TEMPS DE LECTURE : 3 MINUTESEn Aparté avec… Gabriel Loridon

Jean-Philippe Moulet (c)

Gabriel Loridon est le guitariste de Sing Sing My Darling. Salué par Sébastien Tellier, ce jeune groupe toulousain a su faire parler de lui par un premier tube « Disco Love », une pop impeccable et une étonnante maturité. Prochain objectif pour la bande : un festival à Brighton, une date à Londres et une mise en quarantaine consentie pour enregistrer de nouveaux morceaux.

Votre série de concerts a commencé il y a peu, quels souvenirs peux-tu nous faire partager ?
Oui, on n’a pas encore vraiment débuté de tournée, au sens propre du terme.
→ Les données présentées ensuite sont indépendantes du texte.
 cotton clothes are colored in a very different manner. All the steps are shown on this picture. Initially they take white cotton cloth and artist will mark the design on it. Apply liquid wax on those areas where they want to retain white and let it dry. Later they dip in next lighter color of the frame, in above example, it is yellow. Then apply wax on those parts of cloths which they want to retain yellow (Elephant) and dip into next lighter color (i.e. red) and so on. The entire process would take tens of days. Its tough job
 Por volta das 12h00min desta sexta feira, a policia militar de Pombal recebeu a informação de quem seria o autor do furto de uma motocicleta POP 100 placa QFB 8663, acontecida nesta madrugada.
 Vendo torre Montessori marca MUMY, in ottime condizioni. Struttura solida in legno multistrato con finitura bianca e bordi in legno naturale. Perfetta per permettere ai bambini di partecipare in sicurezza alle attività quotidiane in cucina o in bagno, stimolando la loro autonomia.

C’est plutôt des dates à droite-à gauche. Parmi ces dates-là, le meilleur souvenir que j’en garde est le concert que l’on a fait à Paris, au Baron en juin 2011. Y avait du monde…
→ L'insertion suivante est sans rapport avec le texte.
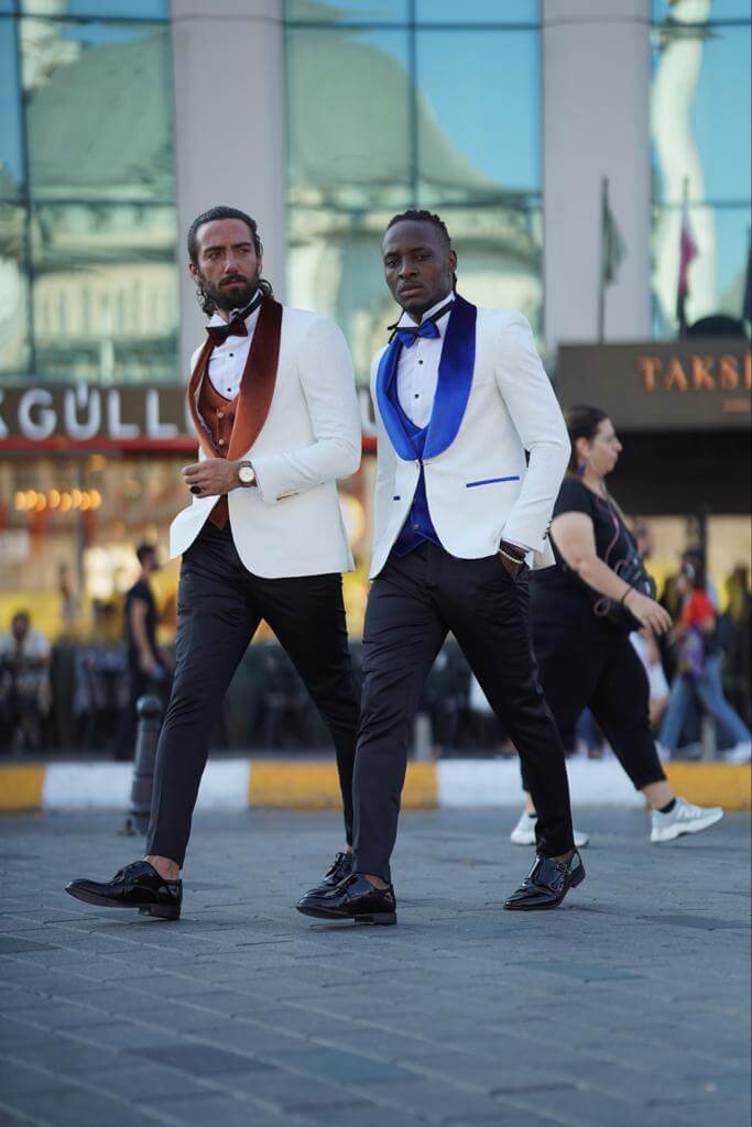 Nous vous présentons un smoking blanc coupe slim à col en velours.
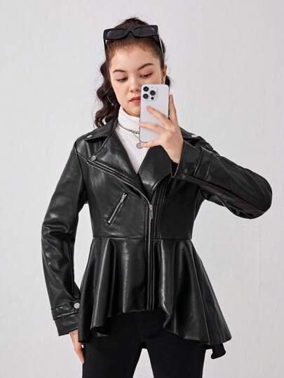 Teen Girl Zip Up Ruffle Hem PU Leather Coat - Black - View 1
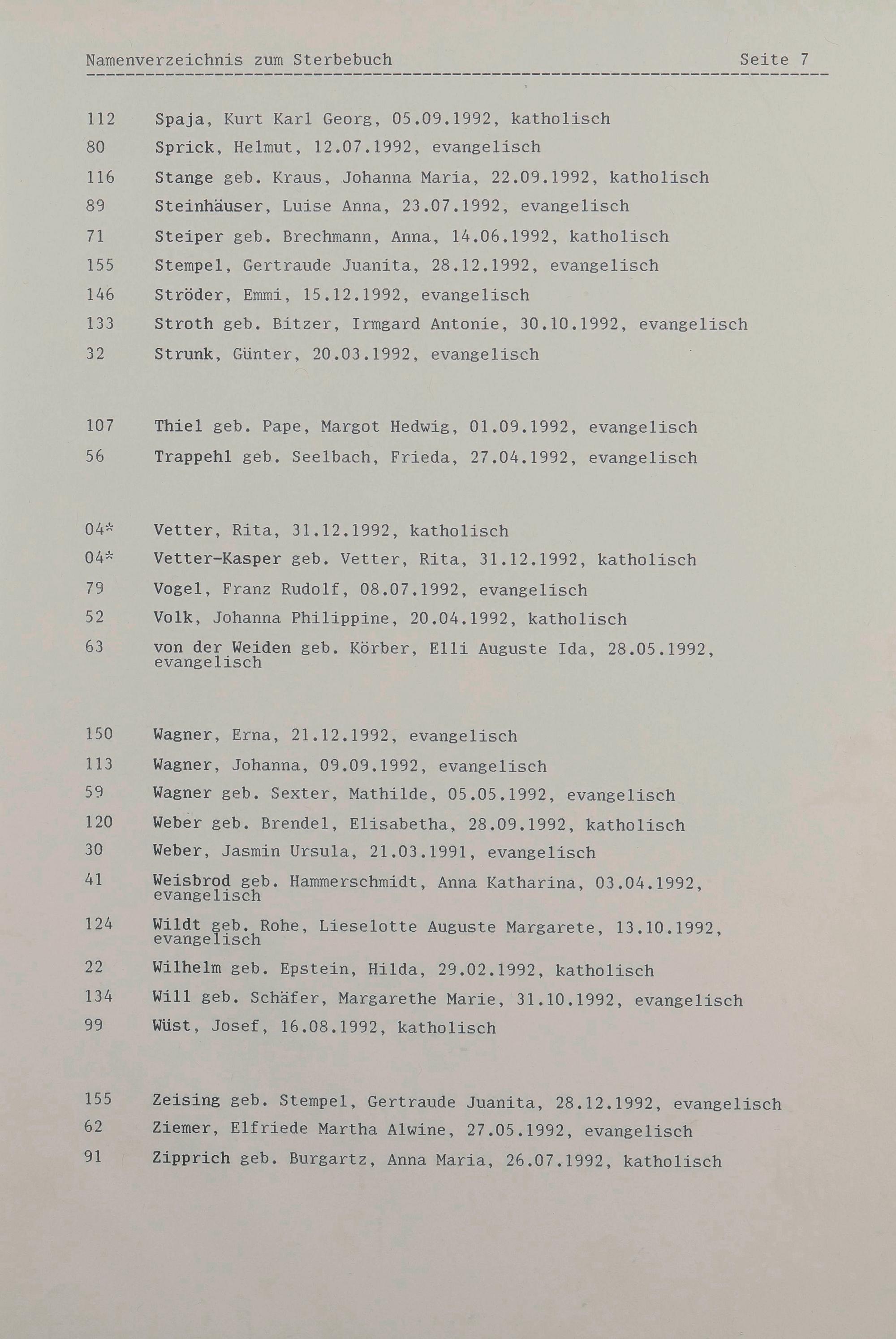 Sterberegister 1992
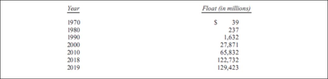 这种先收后付的模式让P/C公司持有大量资金——我们称之为“浮存金”——这些资金最终将流入其它公司。与此同时,保险公司可以为了自己的利益而利用这些浮存金。虽然个体保单和索赔来来往往不会中断,但保险公司持有的浮存金通常相对于保费金额保持相当稳定。
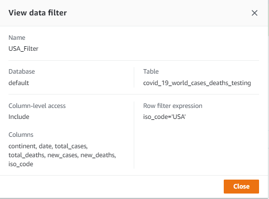 Use Lake Formation row-level and column-level security access
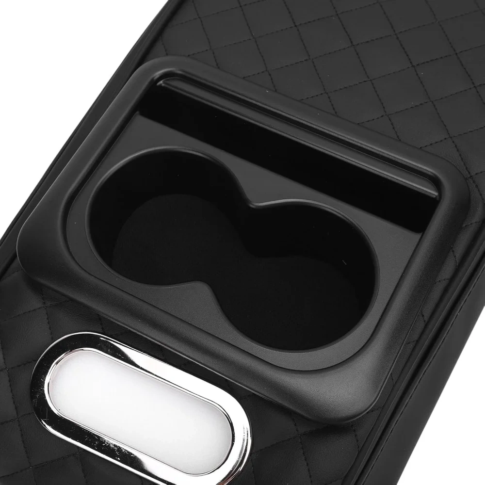 Features an extra cup holder, card storage slots, and a built-in tissue box.

Du monde, dont Sébastien Tellier…
Exactement, il était là pendant les balances. On ne savait pas que c’était lui, il était au bar avec sa copine. On était un peu intrigués quand il est arrivé avec une énorme liasse de billets pour commander deux bouteilles de champagne à environ 400 euros la bouteille. On se demandait « Qui c’est ce mec ? ». Ensuite, on a joué et après le concert, il est venu nous voir un par un pour nous dire qu’il avait beaucoup aimé…

Et en septembre, vous avez même rejoué au Baron.
Oui, le programmateur nous a programmé une nouvelle fois. Il n’était pas là pour notre premier concert. Il avait, lui aussi, beaucoup aimé notre prestation et nous a mis en contact avec des personnes qu’il connaissait.
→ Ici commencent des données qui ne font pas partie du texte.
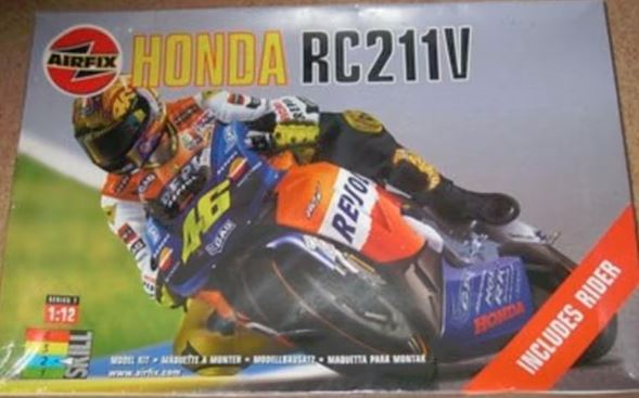 AIRFIX 1/12 scale plastic kit #07480-factory sealed-skill level 2. REPSOL HONDA RC211V 500cc AS RIDDEN BY #46 VALENTINO ROSSI GRAND PRIX ROAD RACE BIKE. Details include: nicely detailed motorcycle kit, detailed rims and black vinyl tires, detailed frame and engine, rider figure included, screen printed authentic sponsor decals, 74 pieces with stand, molded in color or white, measures appx. 7" long x 4" high.
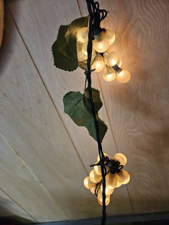 4 Strands of Vintage Grape Party Lights. Each approx. 7 ft long. They plug into each other. On one strand 4 bunches are out, but you can insert a new bulb. One strand has leaves, but you can hot glue leaves to the other strands. Some leaves that fell off are included. These are vintage and have a vintage patina. They look very nice lit up. Great for your wine party.
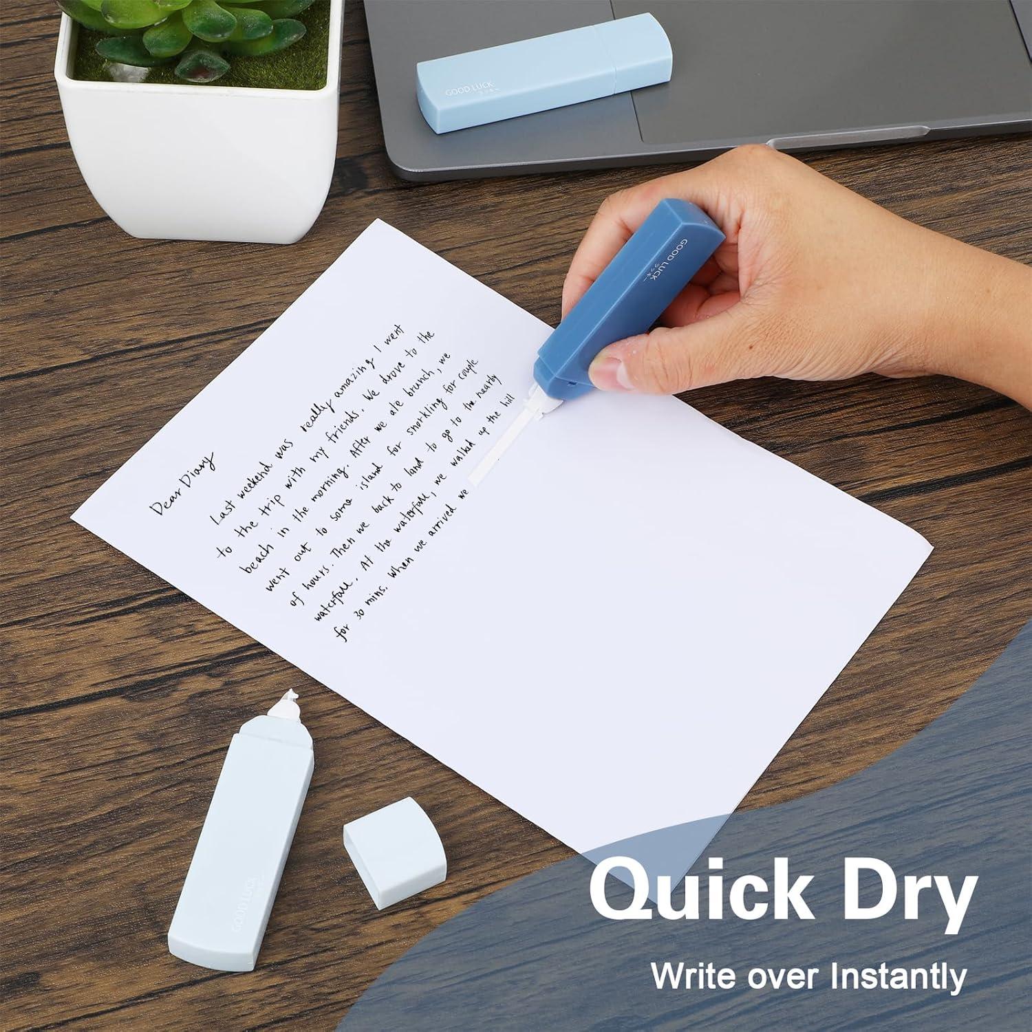- Quick Dry: Our whiteout roller dries quickly, so you don't have to wait too long. Perfect for correcting handwriting like ballpoint pens, gels, and inks, It's your must-have office helper, and easily and conveniently corrects your small mistakes in homework. These tape pens are fast and clean, and allow you to rewrite with a ballpoint pen, ink pen, or gel pen, without damage to papers or documents.

Il se dit que Kitsuné garde un oeil sur vous ? 
Justement, grâce au programmateur du Baron on a eu un contact avec Kitsuné. Cela reste encore assez flou, mais notre manageuse a eu écho de quelques possibilités envisageables… Mais on a rien de sûr pour le moment, on doit aller enregistrer.

A côté de ces bonnes nouvelles, il y a du y avoir une mauvaise date ?
On a pas vraiment eu de mauvais plans jusqu’à maintenant. Une fois, on nous a proposé de jouer au Motel à Paris, on savait que la scène était petite, mais pas au point de jouer sur trois mètres carrés. On s’est même posé la question de savoir si on jouait ou pas tellement la scène était étroite. Mais, ce n’est pas un si mauvais souvenir parce qu’au final, ça s’est bien passé.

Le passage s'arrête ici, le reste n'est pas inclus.